*** Opening of INPUT ***
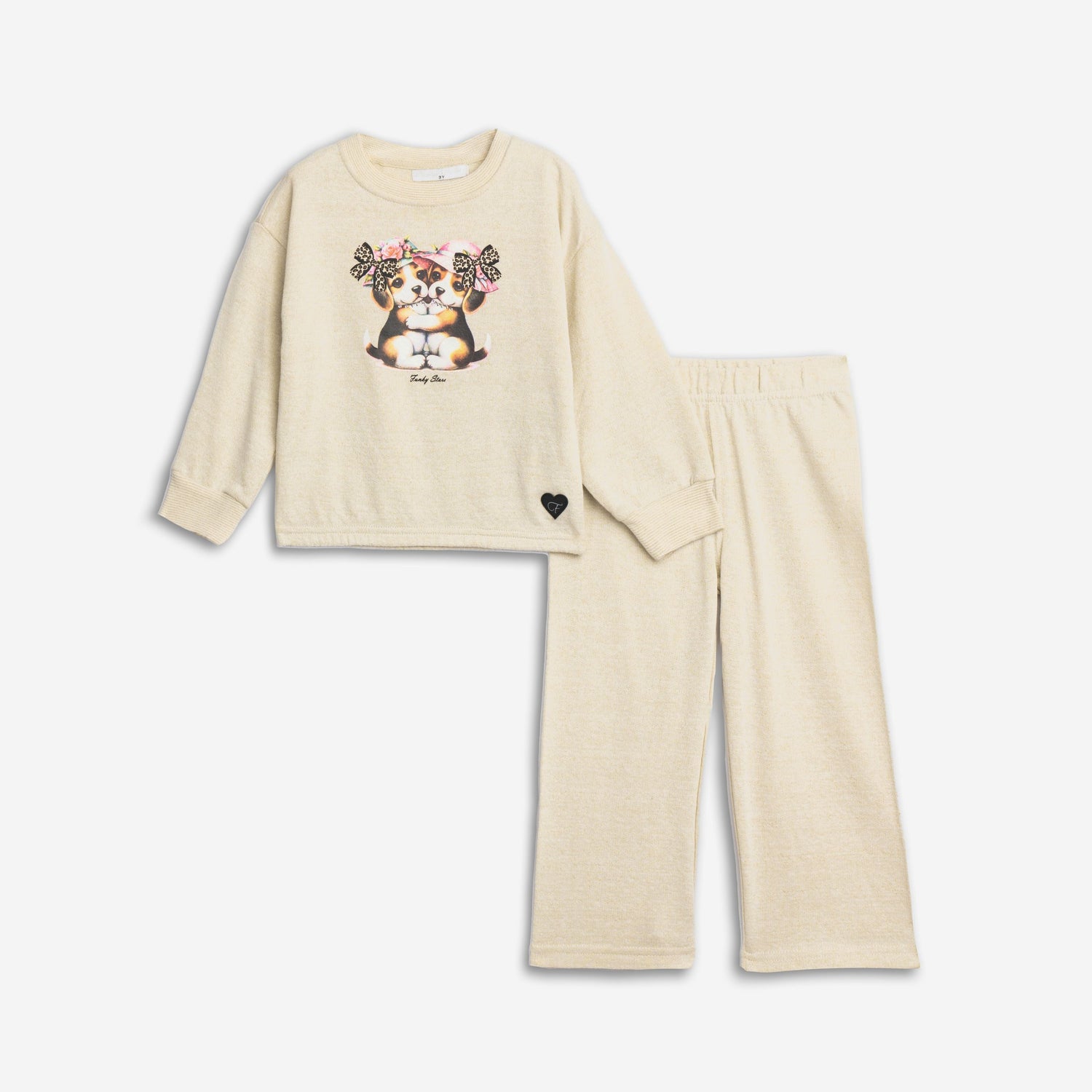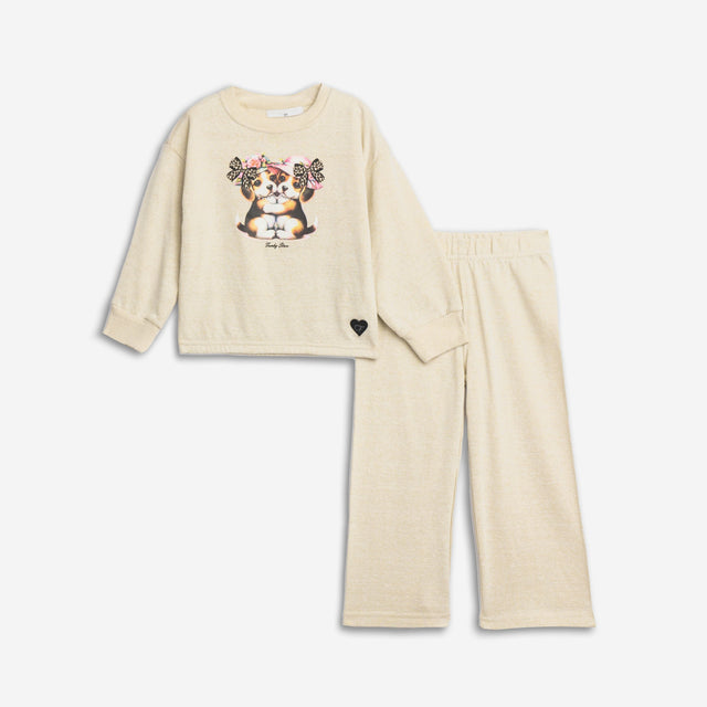 Σετ μπλούζα με παντελόνα φούτερ για κορίτσι 2-6 ετών σε χρώμα χρυσό λούρεξ/ χρυσό λούρεξ με τύπωμα στην μπλούζα (σκυλάκι)
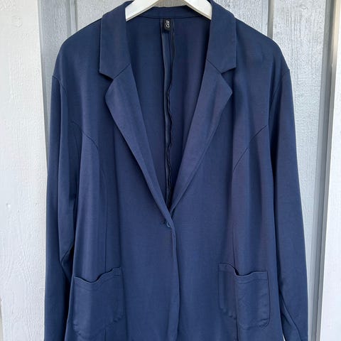 Lyhyt vuorillinen sinertävän harmaa jakku/ bleiseri, ostettu Lissabonin Zarasta viime joulukuussa. Pari kertaa käytetty. Koko XL, mitat olka-helma 54 cm, helma venyttämättä (edestä) 58 cm, hiha 58 cm. Hihansuissa ja helmassa kuminauha. Edessä taskut, kullanvärinen pitkä vetoketju ja huppu. Kangas on kauniisti laskeutuvaa polyesteri/elastaania. Nouto/ toridiili.
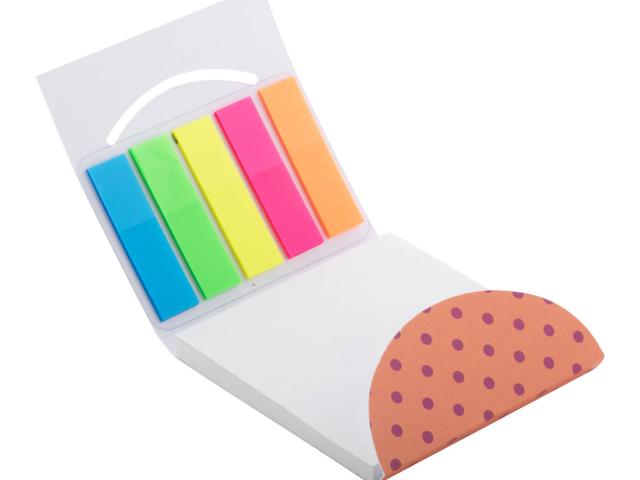 Custom made, paper covered sticky notepad. Includes 50 sheets of recycled paper sticky notes (75×75 mm) and 100 plastic film page markers in 5 assorted colours (44×12 mm). Price includes full colour printed outside cover. MOQ: 100 pcs.
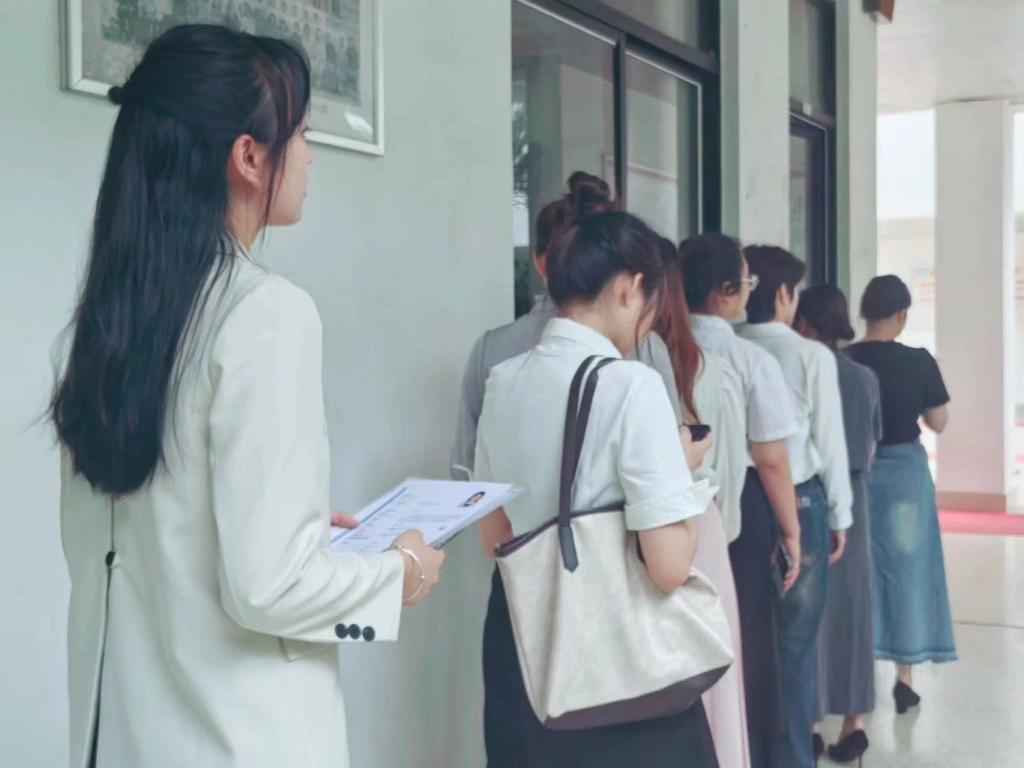 在教學樓舉辦醫(yī)學美容技術(shù)專業(yè)雙選會,活動吸引了眾多馬上要面臨實習的2022級醫(yī)學美容技術(shù)專業(yè)的同學參加。本次活動邀請了廈門美萊、愛美爾、東方美、福州華窈、臺江醫(yī)院等各大單位的HR們來校為學生進行職業(yè)規(guī)劃指導和面試活動?;顒赢斕?,HR們受邀為即將要下實習點的2022級醫(yī)學美容技術(shù)專業(yè)學生宣講企業(yè)文化、崗位內(nèi)容、工作環(huán)境、發(fā)展前景等,企業(yè)HR們根據(jù)自身經(jīng)驗對學生進行職業(yè)規(guī)劃指導,并提供崗位和現(xiàn)場面試活動,學生根據(jù)自己的專業(yè)特點和興趣選擇自己喜歡的就業(yè)單位,企業(yè)對學生進行了現(xiàn)場面試,進行了雙向選擇。雙選會現(xiàn)場,同學們朝氣蓬勃信心滿滿,積極地展現(xiàn)著自己的優(yōu)勢與實力。
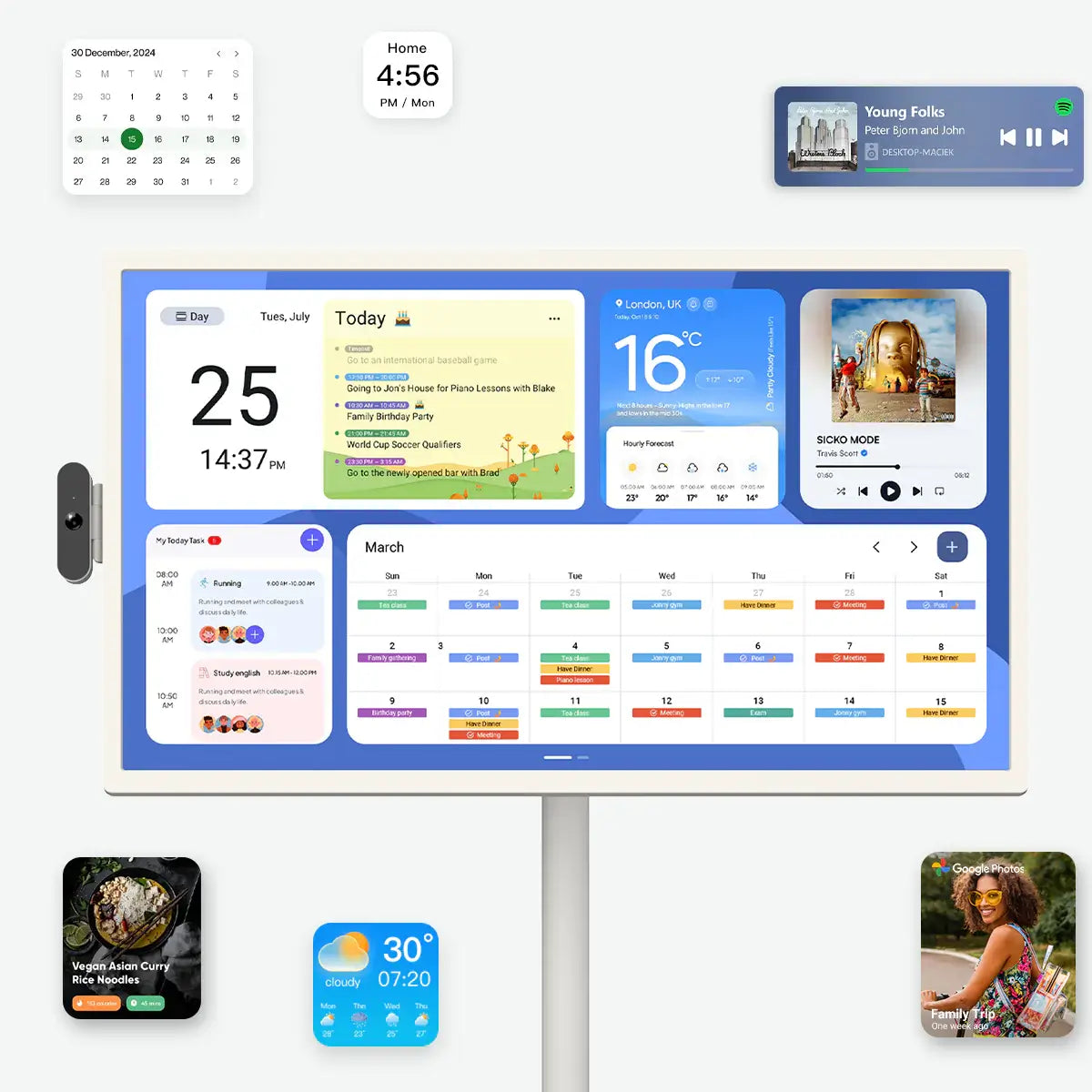 With built-in calendar display and customizable widgets, you can view your daily schedule, weather updates, to-do lists, smart home controls, and more—all from your dashboard.
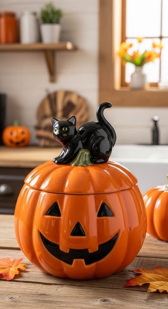 Traditional cookie jars might feel too bulky in a small kitchen, but if you’re strategic, they can serve as both storage and decor. Pick a medium-sized Halloween jar and use it to stash wrapped snacks, tea bags, or even kitchen odds and ends. Instead of bringing in something that takes up precious space, use it to replace an existing container. A jack-o-lantern or black cat-shaped jar can become the visual centerpiece of your counter, adding Halloween vibes without adding clutter.
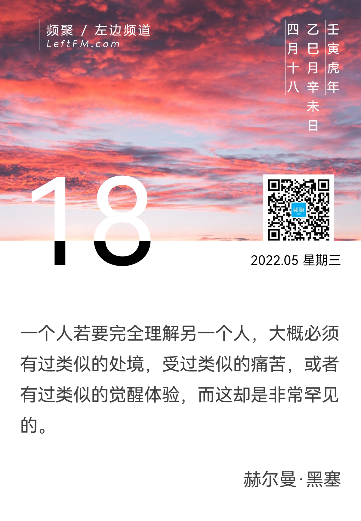 一个人若要完全理解另一个人,大概必须有过类似的处境,受过类似的痛苦,或者有过类似的觉醒体验,而这却是非常罕见的。
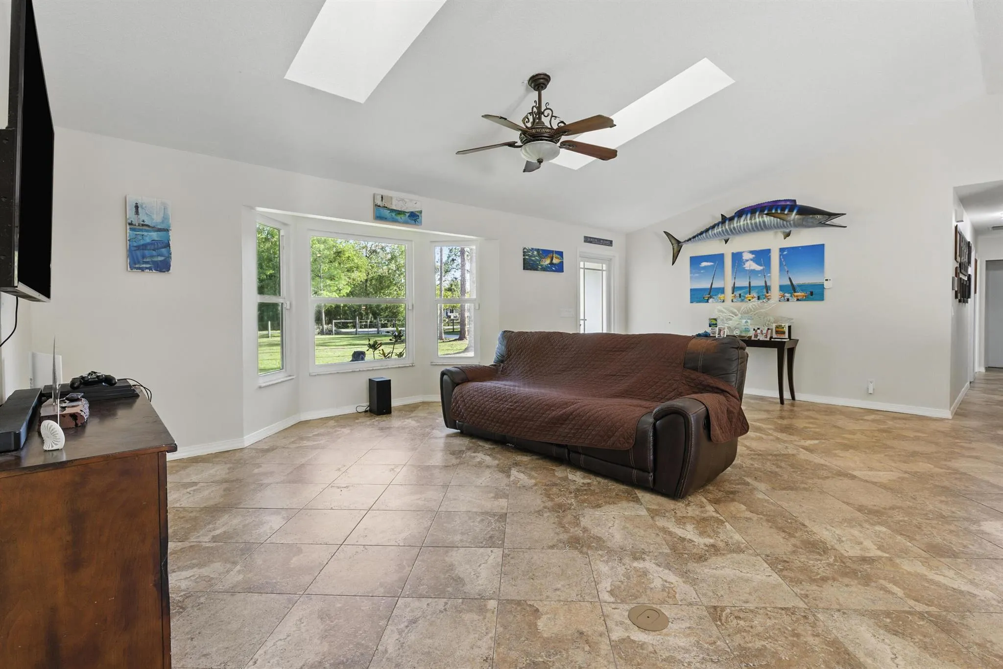 NO HOA , paved road! There is no wasted space in this Jupiter Farms home! The home features a split bedroom floorplan with an open concept living area, vaulted ceilings and nice natural light, open kitchen with stainless steel appliances, and oversized laundry room (currently being used as a 4th bedroom). Outside, you will find a freeform pool (Diamond Brite) and 1.25 acres of fully fenced yard. Previous owners used backyard for horses so there is a pole barn, storage shed, and room for 2 paddocks. Home has been upgraded with impact windows, skylights, and doors, and has a newer HVAC and roof (installed in the last 5-6 years). Fitted with a generator hookup that easily runs the A/C, pool and water pump, refrigerator, and more in the event of an electrical outage. |
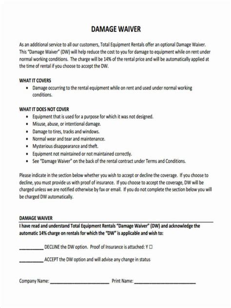 Damage Waiver Template. Damage waiver form in pdf.
*** Close of INPUT ***
WORK ORDER —
Output everything in the records exactly, leaving pictures out.

THE ANSWER —
 Σετ μπλούζα με παντελόνα φούτερ για κορίτσι 2-6 ετών σε χρώμα χρυσό λούρεξ/ χρυσό λούρεξ με τύπωμα στην μπλούζα (σκυλάκι)
 Lyhyt vuorillinen sinertävän harmaa jakku/ bleiseri, ostettu Lissabonin Zarasta viime joulukuussa. Pari kertaa käytetty. Koko XL, mitat olka-helma 54 cm, helma venyttämättä (edestä) 58 cm, hiha 58 cm. Hihansuissa ja helmassa kuminauha. Edessä taskut, kullanvärinen pitkä vetoketju ja huppu. Kangas on kauniisti laskeutuvaa polyesteri/elastaania. Nouto/ toridiili.
 Custom made, paper covered sticky notepad. Includes 50 sheets of recycled paper sticky notes (75×75 mm) and 100 plastic film page markers in 5 assorted colours (44×12 mm). Price includes full colour printed outside cover. MOQ: 100 pcs.
 在教學樓舉辦醫(yī)學美容技術(shù)專業(yè)雙選會,活動吸引了眾多馬上要面臨實習的2022級醫(yī)學美容技術(shù)專業(yè)的同學參加。本次活動邀請了廈門美萊、愛美爾、東方美、福州華窈、臺江醫(yī)院等各大單位的HR們來校為學生進行職業(yè)規(guī)劃指導和面試活動?;顒赢斕?,HR們受邀為即將要下實習點的2022級醫(yī)學美容技術(shù)專業(yè)學生宣講企業(yè)文化、崗位內(nèi)容、工作環(huán)境、發(fā)展前景等,企業(yè)HR們根據(jù)自身經(jīng)驗對學生進行職業(yè)規(guī)劃指導,并提供崗位和現(xiàn)場面試活動,學生根據(jù)自己的專業(yè)特點和興趣選擇自己喜歡的就業(yè)單位,企業(yè)對學生進行了現(xiàn)場面試,進行了雙向選擇。雙選會現(xiàn)場,同學們朝氣蓬勃信心滿滿,積極地展現(xiàn)著自己的優(yōu)勢與實力。
 With built-in calendar display and customizable widgets, you can view your daily schedule, weather updates, to-do lists, smart home controls, and more—all from your dashboard.
 Traditional cookie jars might feel too bulky in a small kitchen, but if you’re strategic, they can serve as both storage and decor. Pick a medium-sized Halloween jar and use it to stash wrapped snacks, tea bags, or even kitchen odds and ends. Instead of bringing in something that takes up precious space, use it to replace an existing container. A jack-o-lantern or black cat-shaped jar can become the visual centerpiece of your counter, adding Halloween vibes without adding clutter.
 一个人若要完全理解另一个人,大概必须有过类似的处境,受过类似的痛苦,或者有过类似的觉醒体验,而这却是非常罕见的。
 NO HOA , paved road! There is no wasted space in this Jupiter Farms home! The home features a split bedroom floorplan with an open concept living area, vaulted ceilings and nice natural light, open kitchen with stainless steel appliances, and oversized laundry room (currently being used as a 4th bedroom). Outside, you will find a freeform pool (Diamond Brite) and 1.25 acres of fully fenced yard. Previous owners used backyard for horses so there is a pole barn, storage shed, and room for 2 paddocks. Home has been upgraded with impact windows, skylights, and doors, and has a newer HVAC and roof (installed in the last 5-6 years). Fitted with a generator hookup that easily runs the A/C, pool and water pump, refrigerator, and more in the event of an electrical outage. |
 Damage Waiver Template. Damage waiver form in pdf.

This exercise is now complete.